Answer:
[tex]\lim_{x\to 0}\dfrac{-7+x}{x^2}=-\infty[/tex]
Step-by-step explanation:
The given limit problem is
[tex]\lim_{x\to 0}\dfrac{-7+x}{x^2}[/tex]
Left hand limit of the function is
[tex]LHL=\lim_{x\to 0^-}\dfrac{-7+x}{x^2}=\lim_{h\to 0}\dfrac{-7+(0-h)}{(0-h)^2}[/tex]
[tex]LHL=\lim_{h\to 0}\dfrac{-7-h}{h^2}[/tex]
Applying limit, we get
[tex]LHL=-\infty[/tex]
Right hand limit of the function is
[tex]RHL=\lim_{x\to 0^+}\dfrac{-7+x}{x^2}=\lim_{h\to 0}\dfrac{-7+(0+h)}{(0+h)^2}[/tex]

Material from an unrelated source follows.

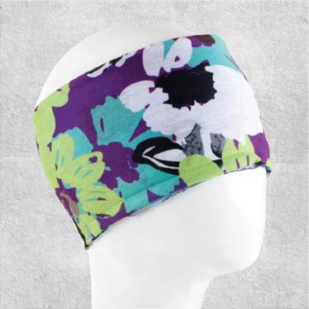 Purple and Turquoise Flowers Infinity Bandana Head Wrap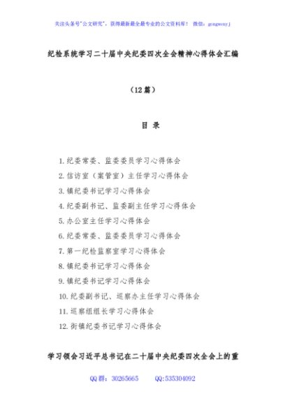 (12篇)纪检系统学习二十届中央纪委四次全会精神心得体会汇编

[tex]RHL=\lim_{h\to 0}\dfrac{-7+h}{h^2}[/tex]
Applying limit, we get
[tex]RHL=-\infty[/tex]
Since, LHL=RHL, therefore limit of the function exist at x=0.
Hence, [tex]\lim_{x\to 0}\dfrac{-7+x}{x^2}=-\infty[/tex].